##### Data block #####

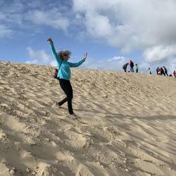 Aujourd’hui, réveil au bord du ruisseau. Puis nous partons pour la dune du pilat. Nous nous arrêtons laver le linge et en profitons pour manger pendant que la machine tourne. Ensuite sur la routeLeggi altro
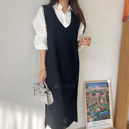 여자 브이넥 슬림핏 니트 골지 스타일 나시 원피스
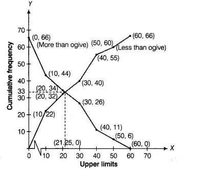 Firstly, we plot a line parallel to X-axis at intersection point of both ogives, which further intersect at (0, 33) on Y-axis. Now, we draw a line

#####

What you are asked to do:
In the copy, include no pictures; restate the listing above exactly.

Solution to this exercise:
 Aujourd’hui, réveil au bord du ruisseau. Puis nous partons pour la dune du pilat. Nous nous arrêtons laver le linge et en profitons pour manger pendant que la machine tourne. Ensuite sur la routeLeggi altro
 여자 브이넥 슬림핏 니트 골지 스타일 나시 원피스
 Firstly, we plot a line parallel to X-axis at intersection point of both ogives, which further intersect at (0, 33) on Y-axis. Now, we draw a line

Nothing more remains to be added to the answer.